Mechanical properties of the passive sea urchin sperm flagellum.

In this study we used Triton X-100 extracted sea urchin spermatozoa to investigate the mechanical behavior of the basic 9+2 axoneme. The dynein motors were disabled by vanadate so that the flagellum is rendered a passive structure. We find that when a proximal portion of the flagellum is bent with a glass microprobe, the remainder of the flagellum distal to the probe exhibits a bend in the opposite direction (a counterbend). The counterbend can be understood from the prevailing sliding doublet model of axoneme mechanics, but does require the existence of elastic linkages between the outer doublets. Analysis of the shapes of counterbends provides a consensus value of 0.03-0.08/microm(2) for the ratio of the interdoublet shear resistance (E(S)) to the bending resistance (E(B)) and we find that the ratio E(S)/E(B) is relatively conserved for both passive flagella and transiently quiescent live flagella. This ratio expresses a fundamental mechanical property of the eukaryotic axoneme.
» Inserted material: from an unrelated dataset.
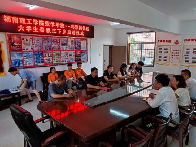 本站讯 为了提高学生社会实践能力,培养学生奉献精神。7月1日上午8:30,开云kaiyun官方网站于畔湖湾社区开展大学生暑期“三下乡”社会实践活动启动仪式,开云kaiyun官方网站党委副书记齐亮菲、团委书记徐笑天,畔湖湾社区党总支书记朱光明、党总支副书记王茂喜及社区工作人员出席,“数”起心中的信仰—彩虹义务支教团队全体实践队员参加会议。
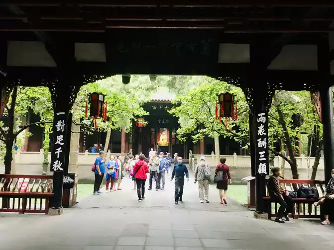 The gate of the Wuhou Temple begins, along the main axis of the three courtyards: there is a stele pavilion on the left and right of the front yard, the Tang stele on the right is the most famous, and its articles, calligraphy, and carving skills are top-notch, so it is called the "Three Absolute Monuments". The main courtyard is the largest, according to the court style for Liu Bei and the civil and military ministers built a group of statues, Three Kingdoms fans can find their favorite Shu Han heroes from it, and the walls on both sides of the door are engraved with the Southern Song Dynasty Yue Fei's crazy grass "Former Master Table" and "Rear Master Table", which is worth seeing. Behind Liu Bei's Hall is the Wuhou Shrine, the terrain is slightly lower, and you have to go down a few steps, which means "the king is high and the minister is low". The most famous here is the couplet written by Zhao Fan, a native of Yunnan in the Guangxu period of the Qing Dynasty: "If you can attack the heart, you will turn around and eliminate yourself, and you will know that soldiers are not belligerent from ancient times; If you don't judge the situation, you will be wrong to be lenient and strict, and you will think deeply about the governance of Shu later." It is rumored that this is a must-see for the frontier officials who came to Sichuan.

It defines the contributions to total bending resistance derived from bending the microtubules and from stretching the interdoublet linkages, respectively. Using this ratio, and computer simulations of earlier experiments that measured the total stiffness of the flagellum, we obtain estimates of approximately 1 x 10(8) pN nm(2)/rad for E(B) and 6 pN/rad for E(S), assuming that both elasticities are linear. Our results indicate that the behavior of the flagellum is close to that predicted by a linear model for shear elasticity.